What the task asks:
While you copy the lines below, skip the pictures and keep the rest exact.

··· Collected material

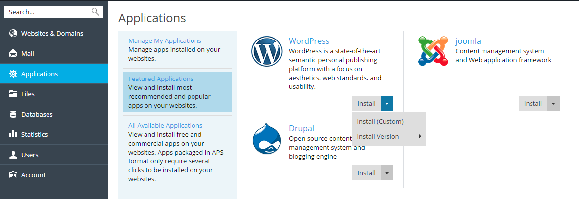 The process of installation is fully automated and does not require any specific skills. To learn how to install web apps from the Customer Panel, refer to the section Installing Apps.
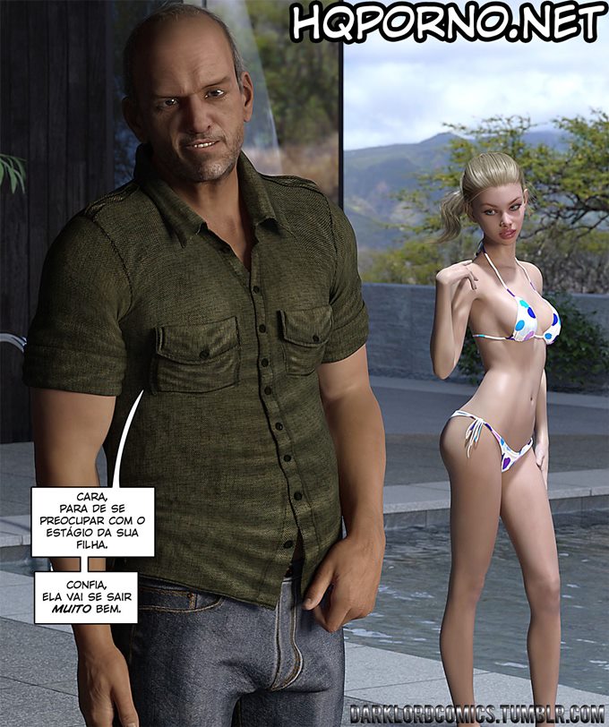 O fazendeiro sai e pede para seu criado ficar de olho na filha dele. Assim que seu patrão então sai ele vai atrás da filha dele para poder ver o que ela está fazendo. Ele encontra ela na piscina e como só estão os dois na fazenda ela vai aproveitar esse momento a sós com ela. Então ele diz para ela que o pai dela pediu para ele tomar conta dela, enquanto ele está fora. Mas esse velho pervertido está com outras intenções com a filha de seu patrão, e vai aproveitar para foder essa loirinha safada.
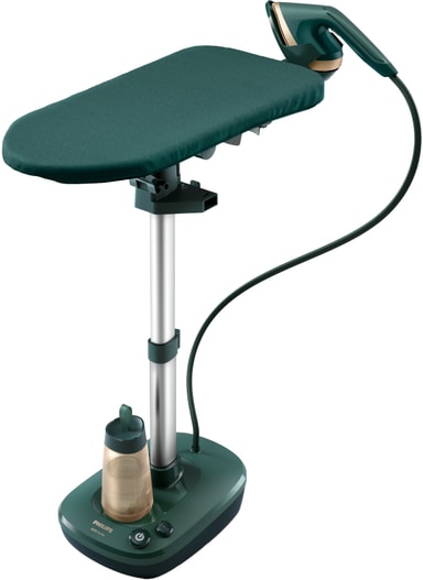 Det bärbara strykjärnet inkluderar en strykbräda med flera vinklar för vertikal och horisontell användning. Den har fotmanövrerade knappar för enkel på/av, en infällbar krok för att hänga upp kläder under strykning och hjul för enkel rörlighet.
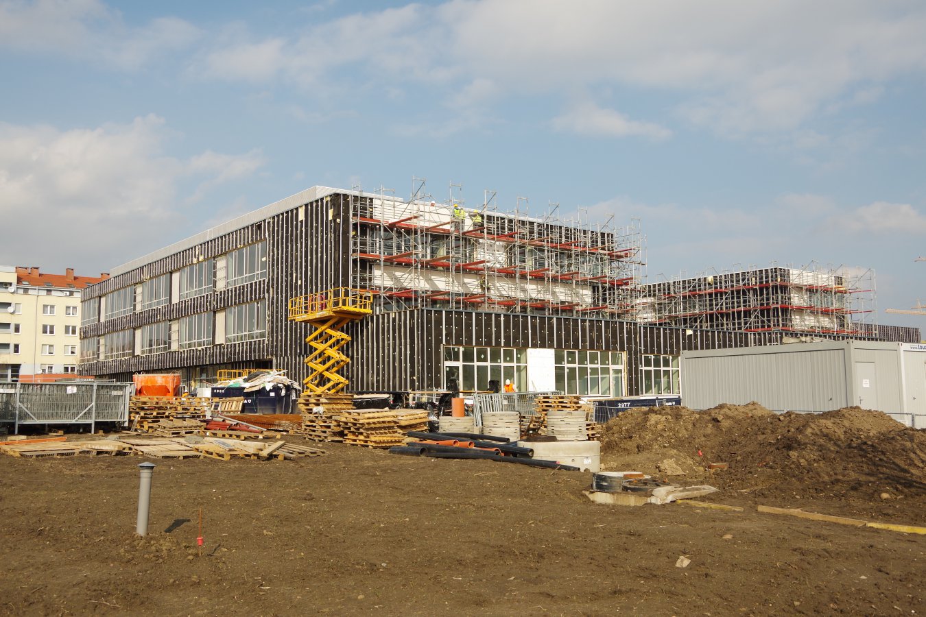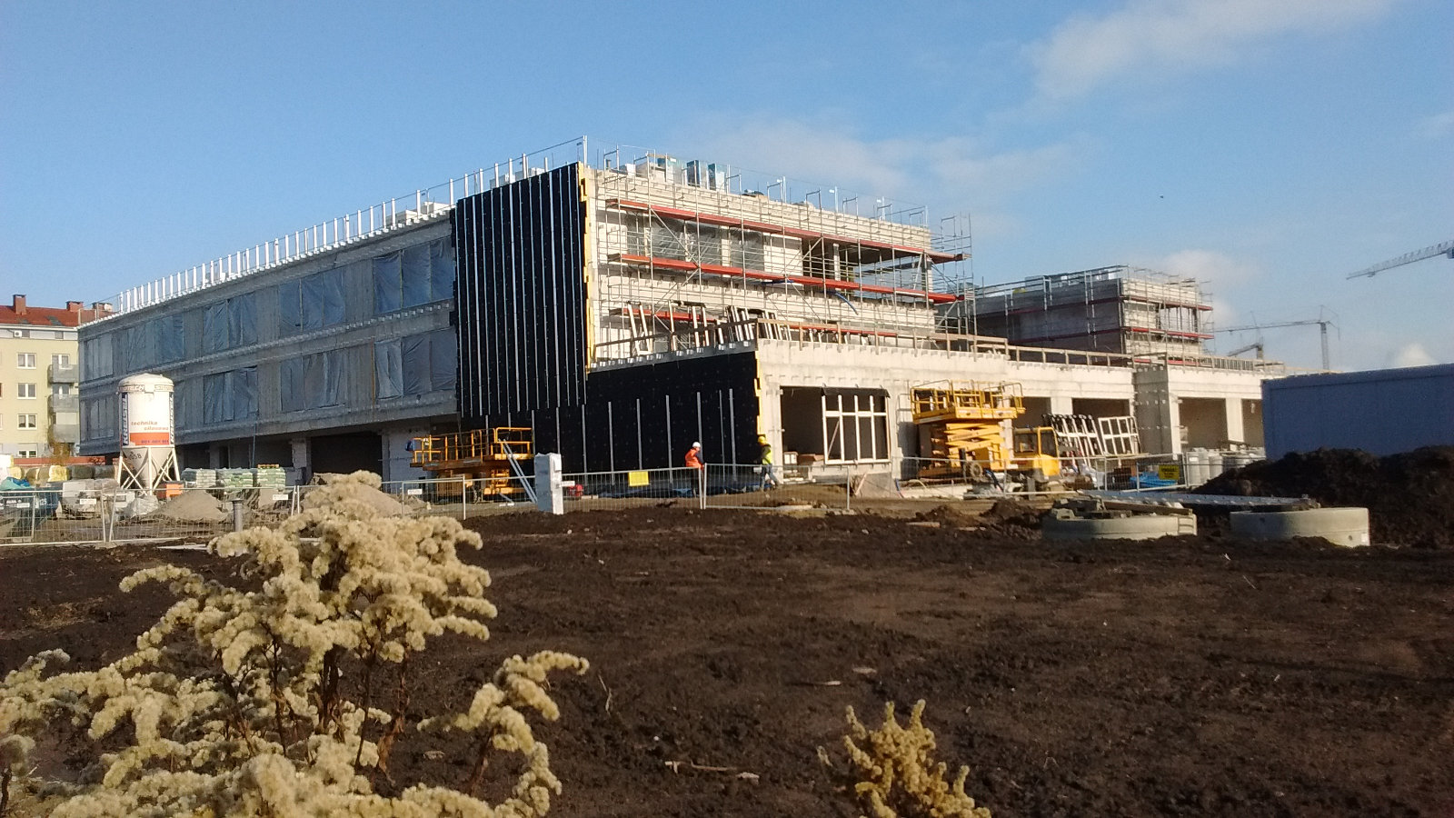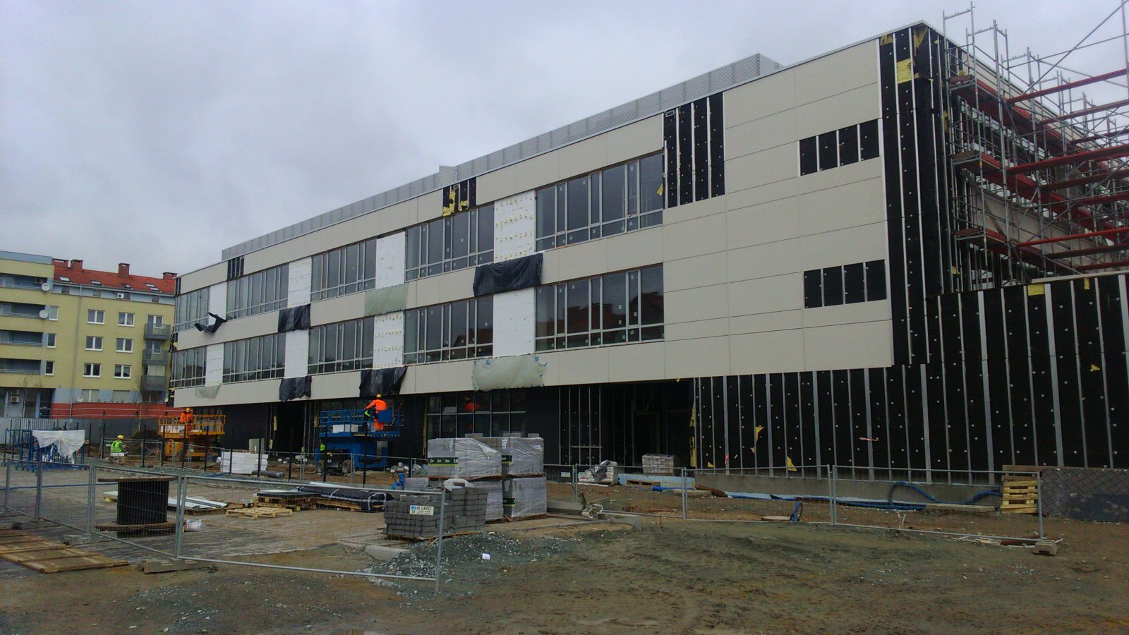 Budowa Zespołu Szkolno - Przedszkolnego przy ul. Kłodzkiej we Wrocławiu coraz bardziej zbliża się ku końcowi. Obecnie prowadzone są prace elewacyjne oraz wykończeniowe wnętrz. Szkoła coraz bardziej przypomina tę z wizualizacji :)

······

Answer space:
 The process of installation is fully automated and does not require any specific skills. To learn how to install web apps from the Customer Panel, refer to the section Installing Apps.
 O fazendeiro sai e pede para seu criado ficar de olho na filha dele. Assim que seu patrão então sai ele vai atrás da filha dele para poder ver o que ela está fazendo. Ele encontra ela na piscina e como só estão os dois na fazenda ela vai aproveitar esse momento a sós com ela. Então ele diz para ela que o pai dela pediu para ele tomar conta dela, enquanto ele está fora. Mas esse velho pervertido está com outras intenções com a filha de seu patrão, e vai aproveitar para foder essa loirinha safada.
 Det bärbara strykjärnet inkluderar en strykbräda med flera vinklar för vertikal och horisontell användning. Den har fotmanövrerade knappar för enkel på/av, en infällbar krok för att hänga upp kläder under strykning och hjul för enkel rörlighet.
 Budowa Zespołu Szkolno - Przedszkolnego przy ul. Kłodzkiej we Wrocławiu coraz bardziej zbliża się ku końcowi. Obecnie prowadzone są prace elewacyjne oraz wykończeniowe wnętrz. Szkoła coraz bardziej przypomina tę z wizualizacji :)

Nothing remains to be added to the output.